Your objective - Would you reproduce each line below exactly, leaving every picture out?

------ Data provided ------

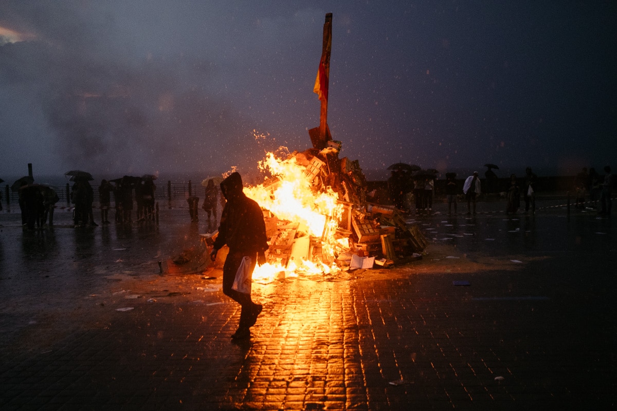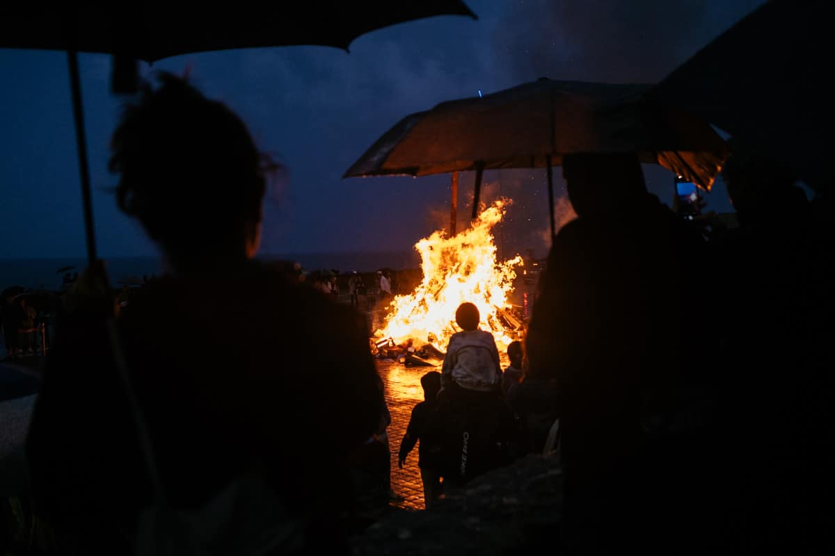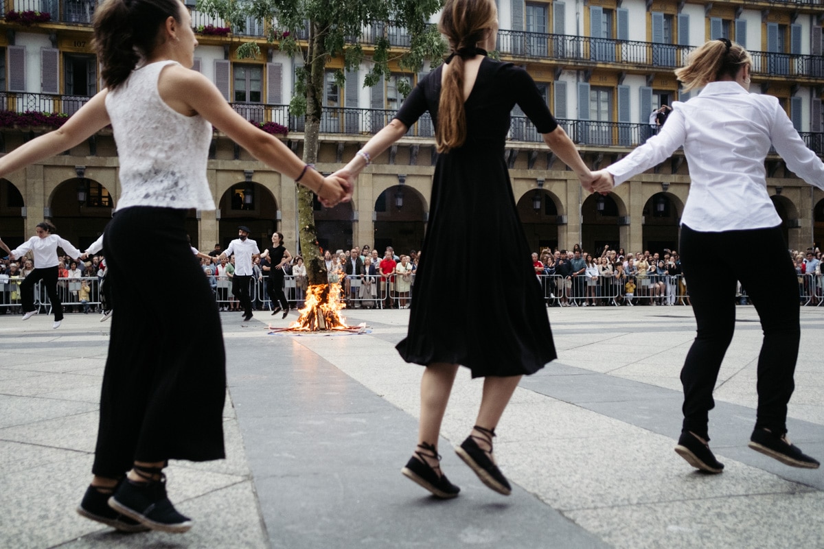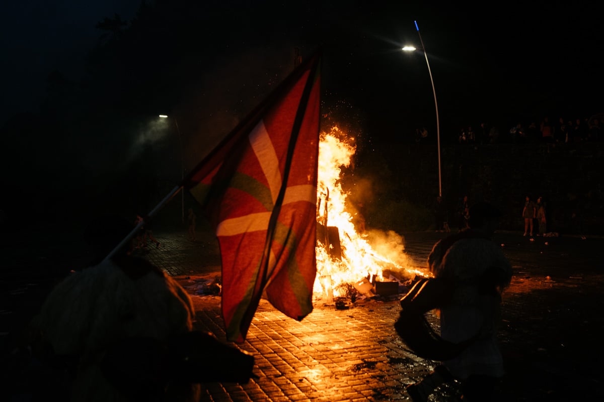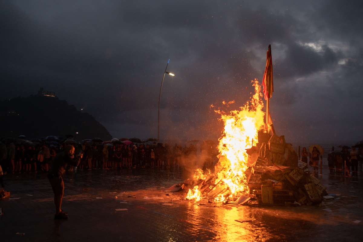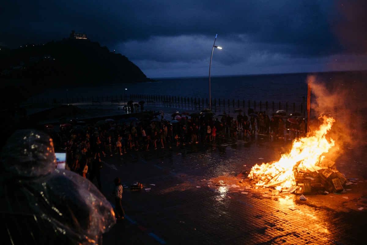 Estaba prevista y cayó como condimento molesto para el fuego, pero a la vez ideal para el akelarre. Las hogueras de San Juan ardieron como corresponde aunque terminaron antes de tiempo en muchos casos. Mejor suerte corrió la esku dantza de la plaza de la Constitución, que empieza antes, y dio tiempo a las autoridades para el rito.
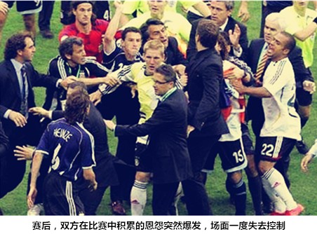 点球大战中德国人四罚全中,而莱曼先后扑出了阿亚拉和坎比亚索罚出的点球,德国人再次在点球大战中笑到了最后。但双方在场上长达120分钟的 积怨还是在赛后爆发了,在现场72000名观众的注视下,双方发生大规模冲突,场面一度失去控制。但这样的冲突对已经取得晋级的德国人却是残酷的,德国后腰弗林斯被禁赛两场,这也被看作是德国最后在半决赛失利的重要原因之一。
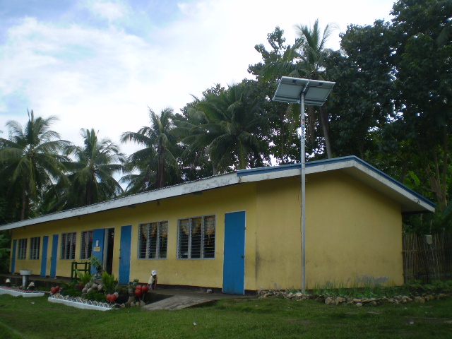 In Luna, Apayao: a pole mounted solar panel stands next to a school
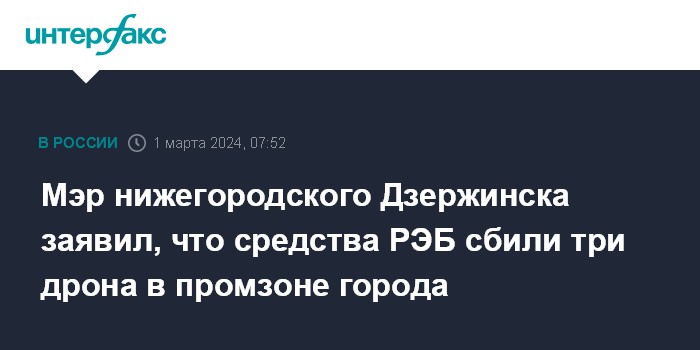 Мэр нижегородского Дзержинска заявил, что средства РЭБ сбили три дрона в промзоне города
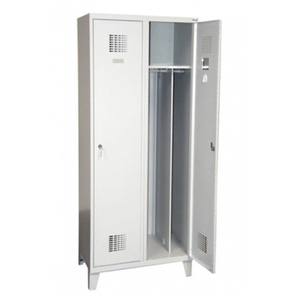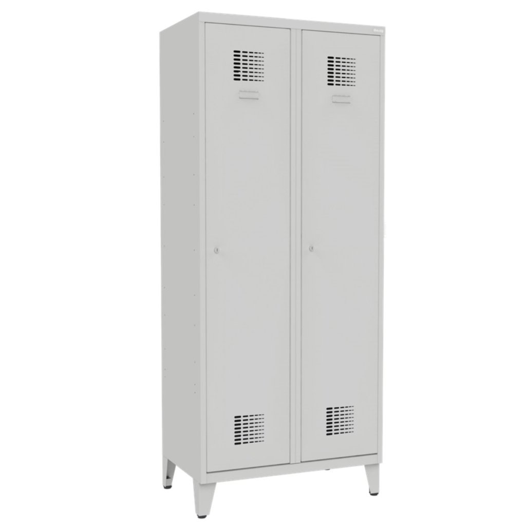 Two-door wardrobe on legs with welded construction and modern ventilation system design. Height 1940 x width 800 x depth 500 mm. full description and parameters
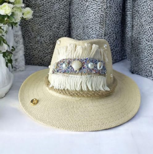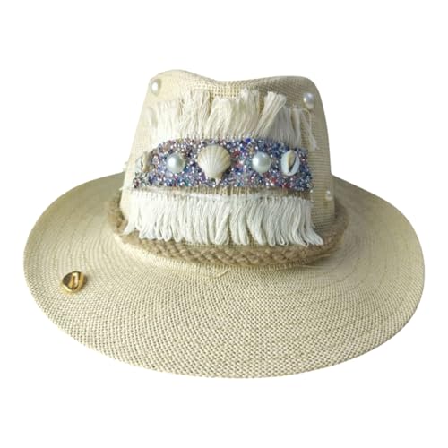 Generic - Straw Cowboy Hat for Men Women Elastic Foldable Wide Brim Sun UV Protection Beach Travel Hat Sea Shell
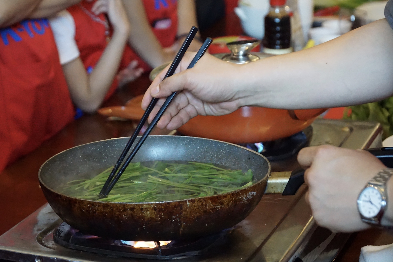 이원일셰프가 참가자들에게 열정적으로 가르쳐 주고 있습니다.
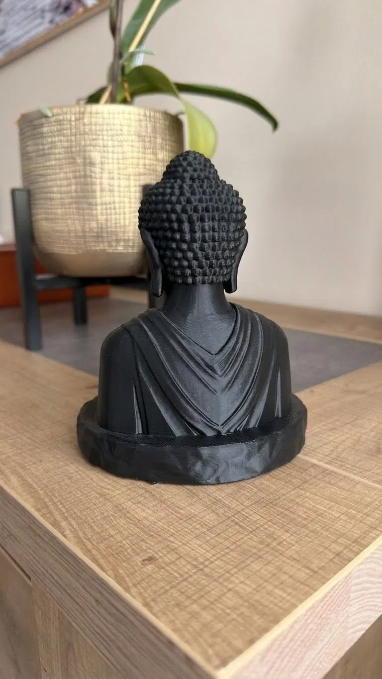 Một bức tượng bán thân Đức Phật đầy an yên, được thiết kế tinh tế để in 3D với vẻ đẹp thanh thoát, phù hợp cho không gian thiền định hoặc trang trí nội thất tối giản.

------

Task result -
 Estaba prevista y cayó como condimento molesto para el fuego, pero a la vez ideal para el akelarre. Las hogueras de San Juan ardieron como corresponde aunque terminaron antes de tiempo en muchos casos. Mejor suerte corrió la esku dantza de la plaza de la Constitución, que empieza antes, y dio tiempo a las autoridades para el rito.
 点球大战中德国人四罚全中,而莱曼先后扑出了阿亚拉和坎比亚索罚出的点球,德国人再次在点球大战中笑到了最后。但双方在场上长达120分钟的 积怨还是在赛后爆发了,在现场72000名观众的注视下,双方发生大规模冲突,场面一度失去控制。但这样的冲突对已经取得晋级的德国人却是残酷的,德国后腰弗林斯被禁赛两场,这也被看作是德国最后在半决赛失利的重要原因之一。
 In Luna, Apayao: a pole mounted solar panel stands next to a school
 Мэр нижегородского Дзержинска заявил, что средства РЭБ сбили три дрона в промзоне города
 Two-door wardrobe on legs with welded construction and modern ventilation system design. Height 1940 x width 800 x depth 500 mm. full description and parameters
 Generic - Straw Cowboy Hat for Men Women Elastic Foldable Wide Brim Sun UV Protection Beach Travel Hat Sea Shell
 이원일셰프가 참가자들에게 열정적으로 가르쳐 주고 있습니다.
 Một bức tượng bán thân Đức Phật đầy an yên, được thiết kế tinh tế để in 3D với vẻ đẹp thanh thoát, phù hợp cho không gian thiền định hoặc trang trí nội thất tối giản.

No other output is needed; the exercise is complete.